- _Problem to solve_
Print the data once more, exactly as given. Drop the pictures.

- _The data_
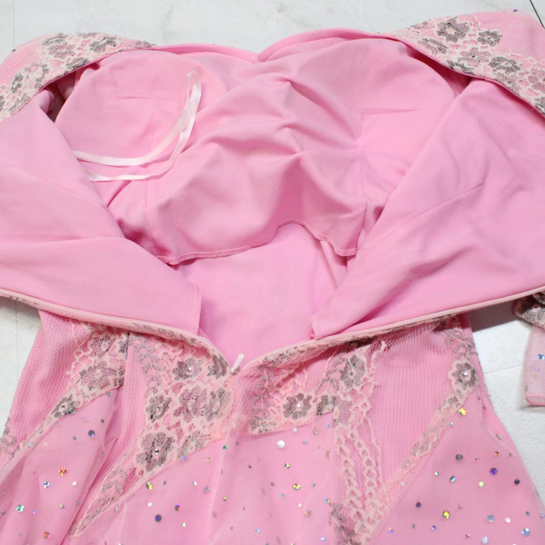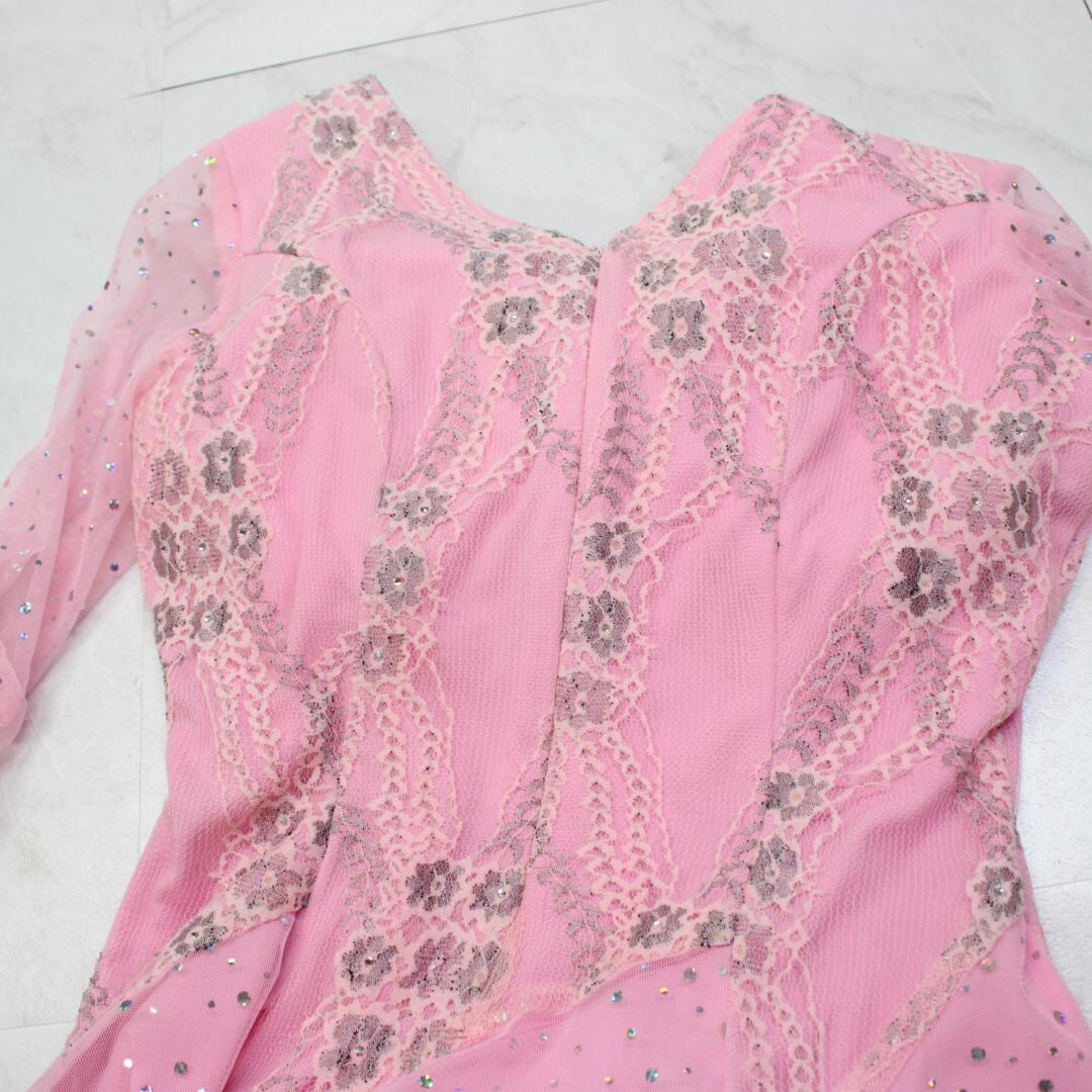 【美品 社交ダンス衣装】ワンピース ドレス leirena レイリーナ ピンク 花柄 レース ラインストーン ホログラム かわいい
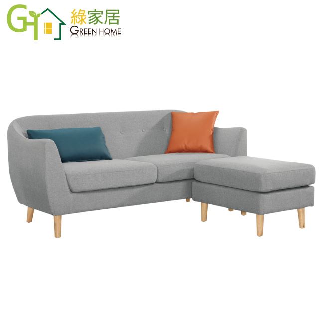 【綠家居】安格利淺灰可拆洗棉麻布小L型沙發椅組合(雙人座+椅凳)
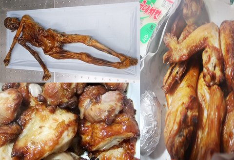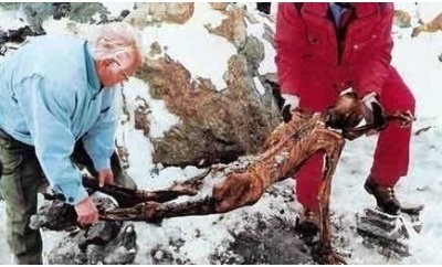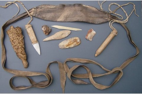 하지만 냉동 미이라 곁에서 현대인의 것이라고는 볼수없는 유물들이 함께 발견되면서
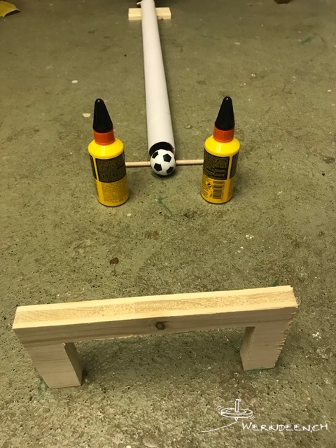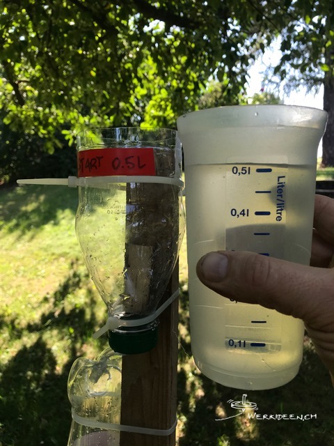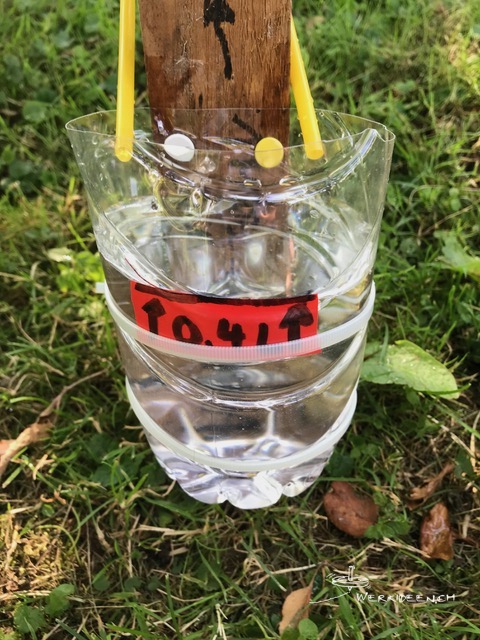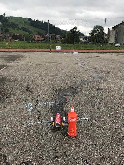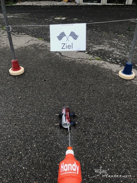 Wir starten einen kleinen Tüftelwettbewerb: Das Wasser soll möglichst lange unterwegs sein, bis es unten ankommt. Wenn du mitmachen willst, musst du folgende Regeln einhalten: Die Länge des Bretts/der Dachlatte ab Boden bis oben ist 1 Meter 50 cm. Fülle oben 5 dl Wasser ein und stoppe die Zeit, wenn unten 4 dl im untersten Gefäss angekommen sind. Schicke ein Video und die gemessene Zeit an info@werkideen.ch. Wir führen eine Rangliste auf werkideen.ch.
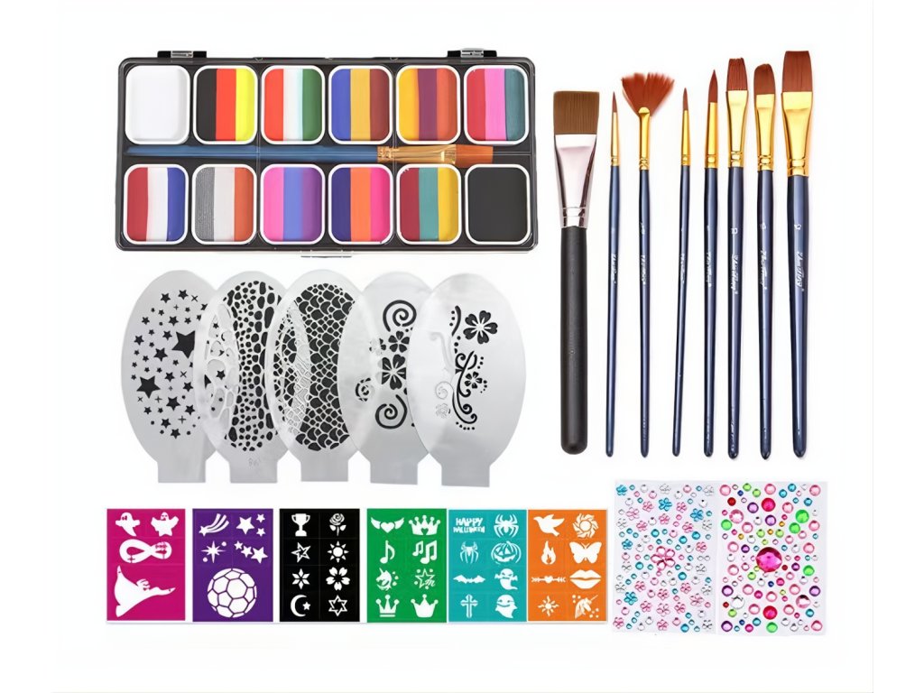 Sada obsahuje 35 kusů, které zaručí hodiny zábavy a kreativity. Ideální jako dárek nebo výbava na oslavy, karnevaly, školní akce či Halloweenské malování. Vše je uloženo v praktickém pouzdře pro snadné přenášení.
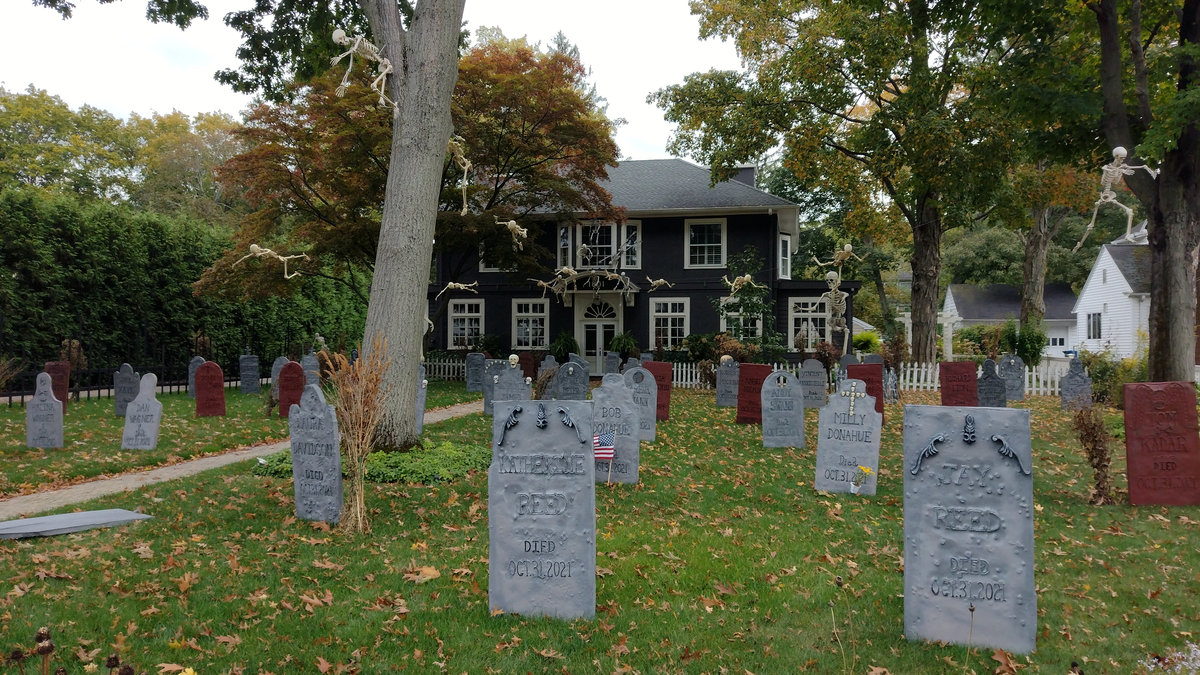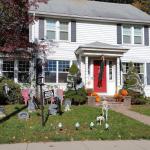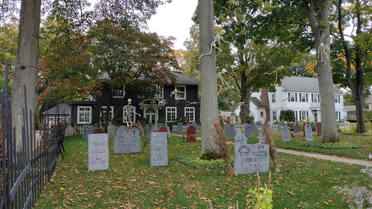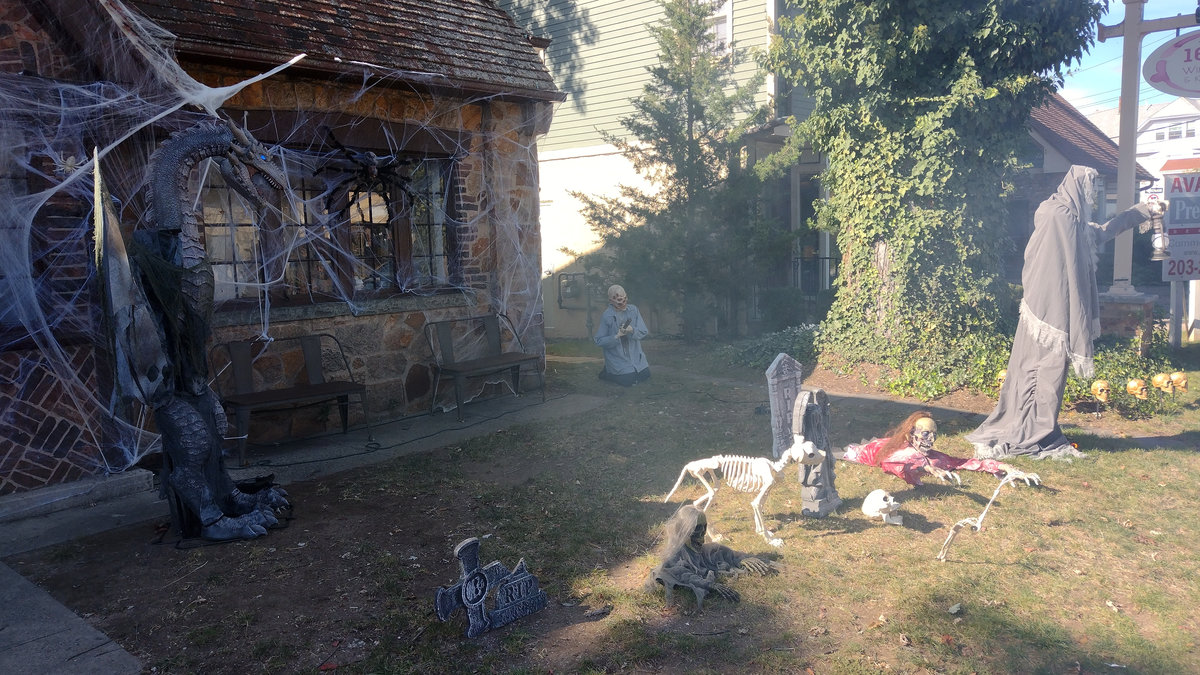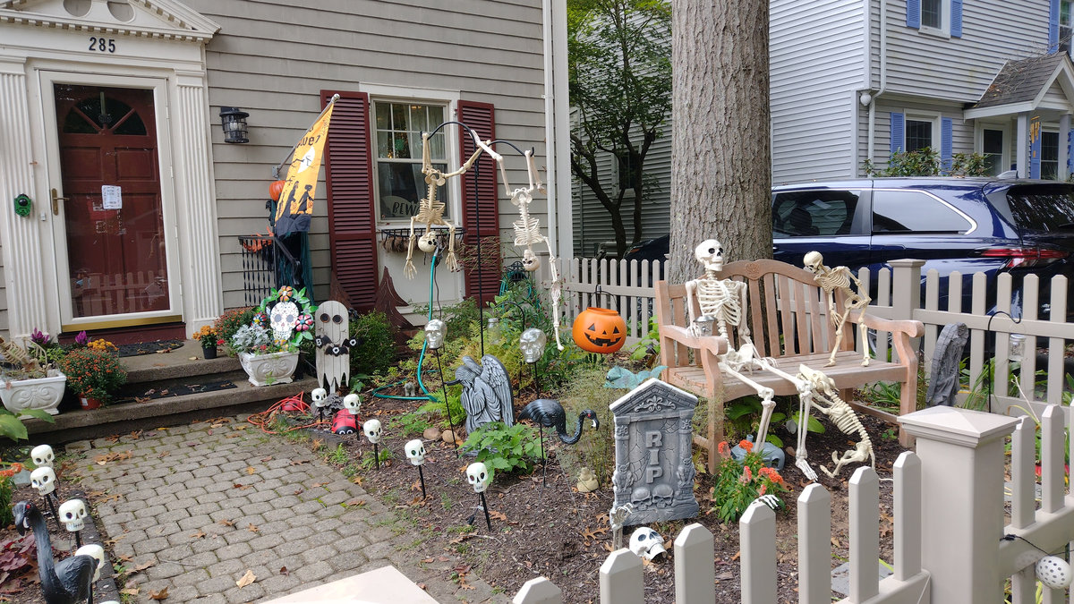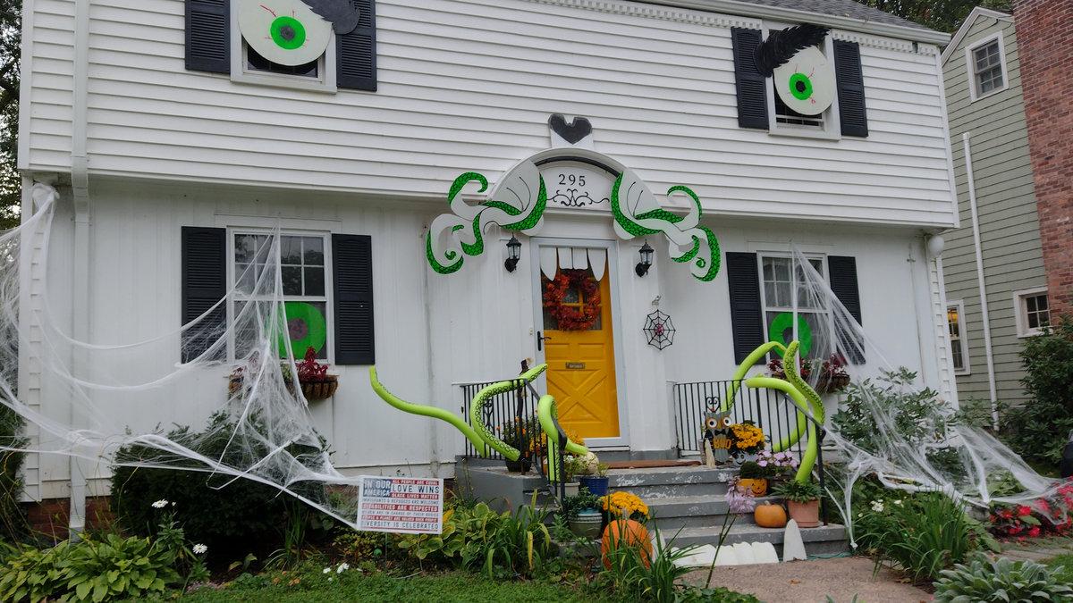 Od poloviny září se v naší čtvrti ve městě New Haven a Hamden v Nové Anglii s blížícím se Halloweenem objevovala na domech a kolem nich každým dnem nějaká nová dekorace. Jezdil jsem na nákupy na kole, protože ještě nebyla zima, a na procházky se psem, a každý den jsem hlásil ženě, kde přibylo něco nového! Občas jsem vyrážel do sousedství jen tak, právě na lov novinek. Někdy šlo o strašidelné kousky – kostry, náhrobky, pavouky a pavučiny, které pokrývaly keře a stromy, jindy naopak veselá barevná výzdoba. (Všimněte si že nikde nepíšu vkusná :D) Pavučiny se objevily snad na devadesáti procentech všech dekorací, zřejmě proto, že jsou levné a efektivní, a pokrývaly ve velkém keře, stromy i zdi domů. Strašidelnost obrovských pavouků a množství kostlivců občas narušil třeba strom ověšený barevnými plastovými dýněmi, které v noci svítily, nebo jasně zářivé oranžové dekorace s nápisy Spooky, Boo, Trick or Treat či Happy Halloween. Nezaostal ani kostel, jenž zdobilo pár halloweenských detailů a dáně před vchodem. Ano, i kostel tu mohl být tematicky ozdobený, takže náš moravský farář, který dětem rozkopával dýně jako dílo Satanovo, by tu byl asi dost v šoku.

- _Result of the exercise_
 【美品 社交ダンス衣装】ワンピース ドレス leirena レイリーナ ピンク 花柄 レース ラインストーン ホログラム かわいい
 【綠家居】安格利淺灰可拆洗棉麻布小L型沙發椅組合(雙人座+椅凳)
 하지만 냉동 미이라 곁에서 현대인의 것이라고는 볼수없는 유물들이 함께 발견되면서
 Wir starten einen kleinen Tüftelwettbewerb: Das Wasser soll möglichst lange unterwegs sein, bis es unten ankommt. Wenn du mitmachen willst, musst du folgende Regeln einhalten: Die Länge des Bretts/der Dachlatte ab Boden bis oben ist 1 Meter 50 cm. Fülle oben 5 dl Wasser ein und stoppe die Zeit, wenn unten 4 dl im untersten Gefäss angekommen sind. Schicke ein Video und die gemessene Zeit an info@werkideen.ch. Wir führen eine Rangliste auf werkideen.ch.
 Sada obsahuje 35 kusů, které zaručí hodiny zábavy a kreativity. Ideální jako dárek nebo výbava na oslavy, karnevaly, školní akce či Halloweenské malování. Vše je uloženo v praktickém pouzdře pro snadné přenášení.
 Od poloviny září se v naší čtvrti ve městě New Haven a Hamden v Nové Anglii s blížícím se Halloweenem objevovala na domech a kolem nich každým dnem nějaká nová dekorace. Jezdil jsem na nákupy na kole, protože ještě nebyla zima, a na procházky se psem, a každý den jsem hlásil ženě, kde přibylo něco nového! Občas jsem vyrážel do sousedství jen tak, právě na lov novinek. Někdy šlo o strašidelné kousky – kostry, náhrobky, pavouky a pavučiny, které pokrývaly keře a stromy, jindy naopak veselá barevná výzdoba. (Všimněte si že nikde nepíšu vkusná :D) Pavučiny se objevily snad na devadesáti procentech všech dekorací, zřejmě proto, že jsou levné a efektivní, a pokrývaly ve velkém keře, stromy i zdi domů. Strašidelnost obrovských pavouků a množství kostlivců občas narušil třeba strom ověšený barevnými plastovými dýněmi, které v noci svítily, nebo jasně zářivé oranžové dekorace s nápisy Spooky, Boo, Trick or Treat či Happy Halloween. Nezaostal ani kostel, jenž zdobilo pár halloweenských detailů a dáně před vchodem. Ano, i kostel tu mohl být tematicky ozdobený, takže náš moravský farář, který dětem rozkopával dýně jako dílo Satanovo, by tu byl asi dost v šoku.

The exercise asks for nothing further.